[THE DATA]

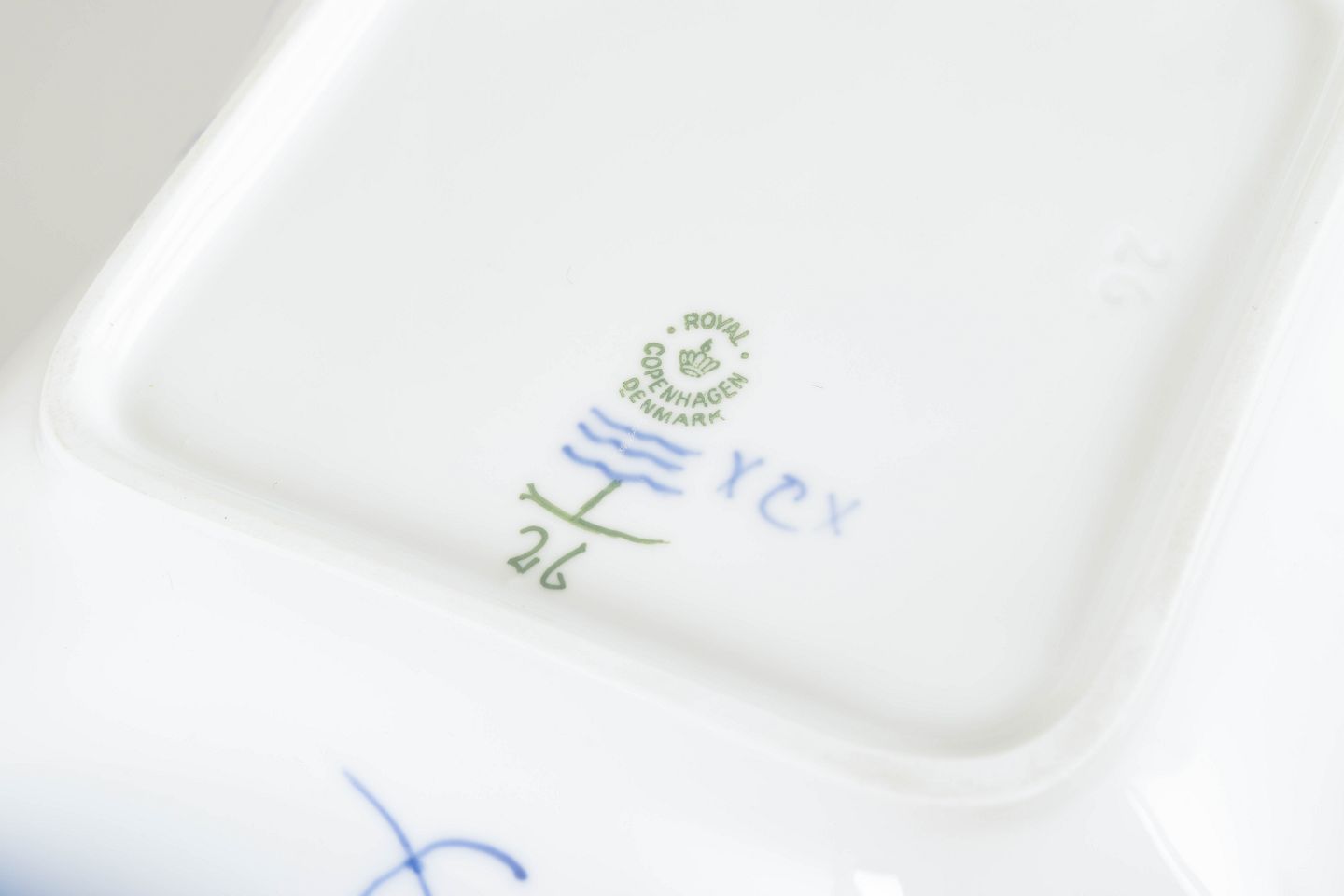 Royal Copenhagen Musselmalet Riflet, firkantet skål.Håndmalet firkantet skål i porcelæn dekoreret med det klassiske musselmalede riflet mønster i blå underglasur. Skålen har svagt buede sider med riflede detaljer og et centralt blomsterornament omgivet af slyngede blomstergrene. Undersiden er fabriksstemplet Royal Copenhagen og annulleret med én indridset streg gennem fabriksstemplet. Model 1/26.
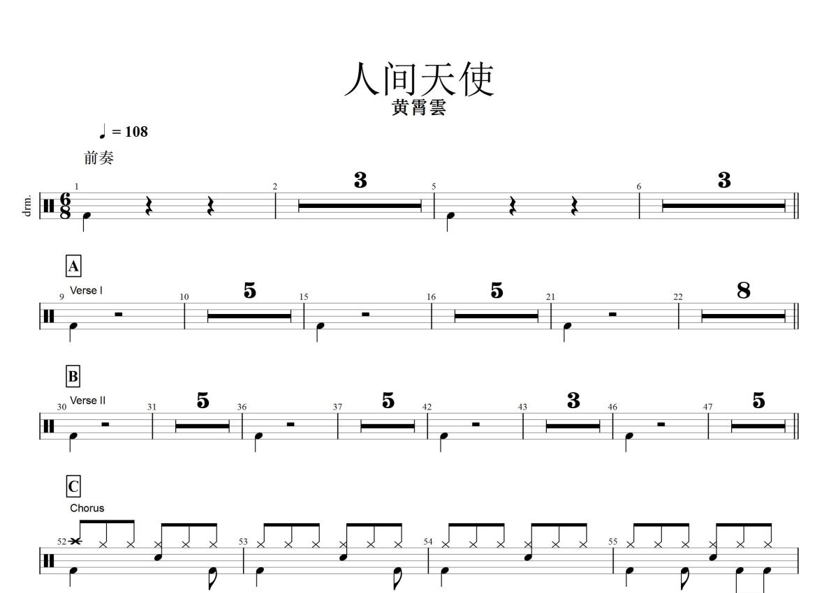 黄霄云《人间天使》鼓谱 - 架子鼓谱
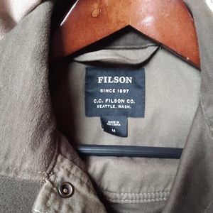 Women's size medium Filson jacket. I'm unsure of the style name or material, bc I removed the care tag when I bought it tep years ago (it was visible when worn open). Feels like a heavy moleskine. Soft but heavy and durable. In great used condition.
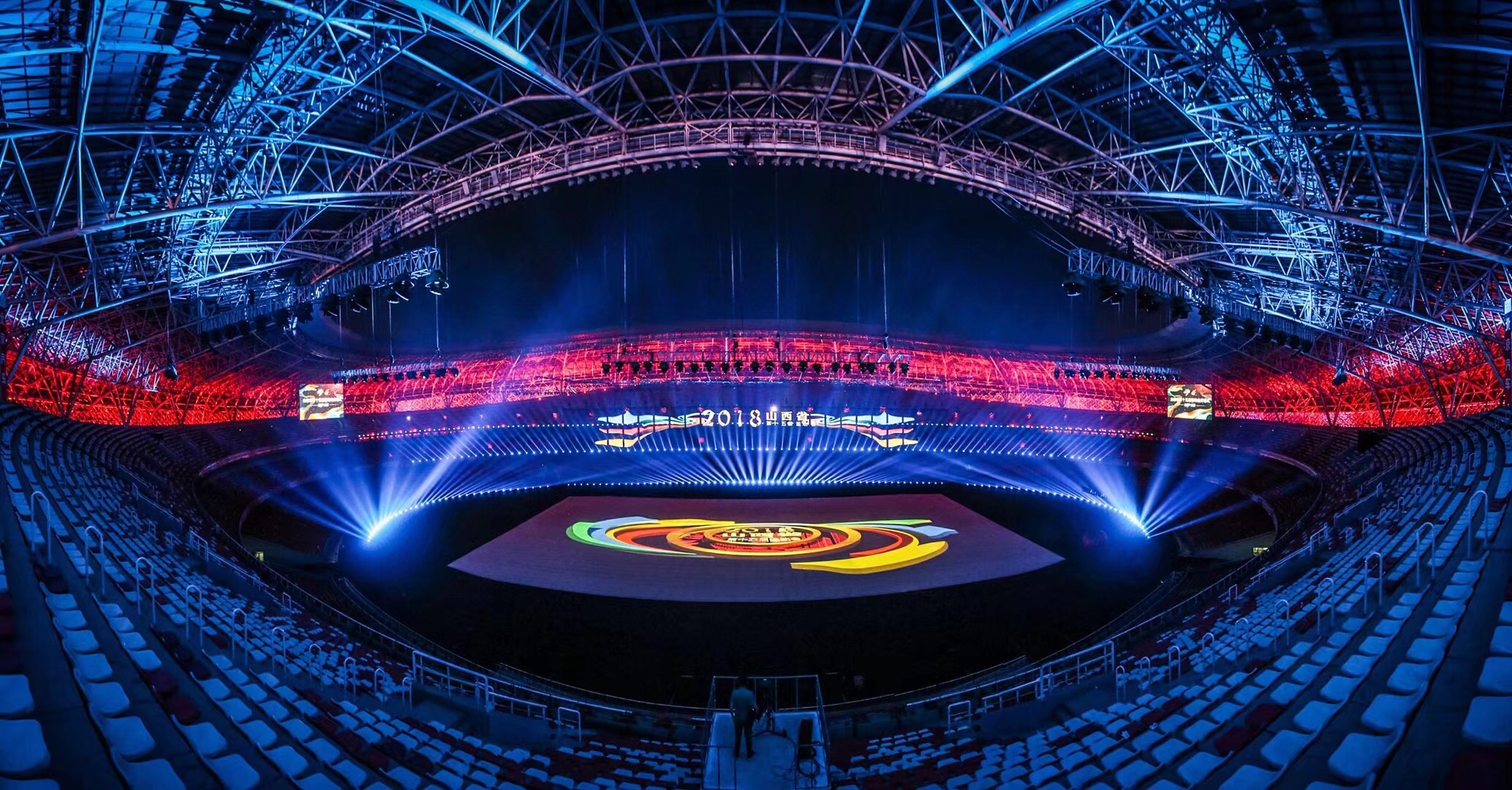 運(yùn)動會開閉幕式整體設(shè)計(jì)的核心理念為“奮斗幸福觀”,開幕式的主題為“奮斗新時代“,閉幕式將以“幸福新征程”為主題與之呼應(yīng)。開幕式演出運(yùn)用了大型燈光設(shè)備、舞臺機(jī)械裝置、高清投影設(shè)備、懸掛表演裝置、先進(jìn)音響設(shè)備、空中飛行設(shè)備等多種技術(shù)手段,形成地面、舞臺、空中三維藝術(shù)呈現(xiàn)形式,將中國傳統(tǒng)文化與國際先進(jìn)科技進(jìn)行完美結(jié)合,形成一臺國際化高水準(zhǔn)的全景化演出。

[TASK TO COMPLETE]
Without any of the pictures, reproduce the listing above exactly.

[RESPONSE AREA]
 Royal Copenhagen Musselmalet Riflet, firkantet skål.Håndmalet firkantet skål i porcelæn dekoreret med det klassiske musselmalede riflet mønster i blå underglasur. Skålen har svagt buede sider med riflede detaljer og et centralt blomsterornament omgivet af slyngede blomstergrene. Undersiden er fabriksstemplet Royal Copenhagen og annulleret med én indridset streg gennem fabriksstemplet. Model 1/26.
 黄霄云《人间天使》鼓谱 - 架子鼓谱
 Women's size medium Filson jacket. I'm unsure of the style name or material, bc I removed the care tag when I bought it tep years ago (it was visible when worn open). Feels like a heavy moleskine. Soft but heavy and durable. In great used condition.
 運(yùn)動會開閉幕式整體設(shè)計(jì)的核心理念為“奮斗幸福觀”,開幕式的主題為“奮斗新時代“,閉幕式將以“幸福新征程”為主題與之呼應(yīng)。開幕式演出運(yùn)用了大型燈光設(shè)備、舞臺機(jī)械裝置、高清投影設(shè)備、懸掛表演裝置、先進(jìn)音響設(shè)備、空中飛行設(shè)備等多種技術(shù)手段,形成地面、舞臺、空中三維藝術(shù)呈現(xiàn)形式,將中國傳統(tǒng)文化與國際先進(jìn)科技進(jìn)行完美結(jié)合,形成一臺國際化高水準(zhǔn)的全景化演出。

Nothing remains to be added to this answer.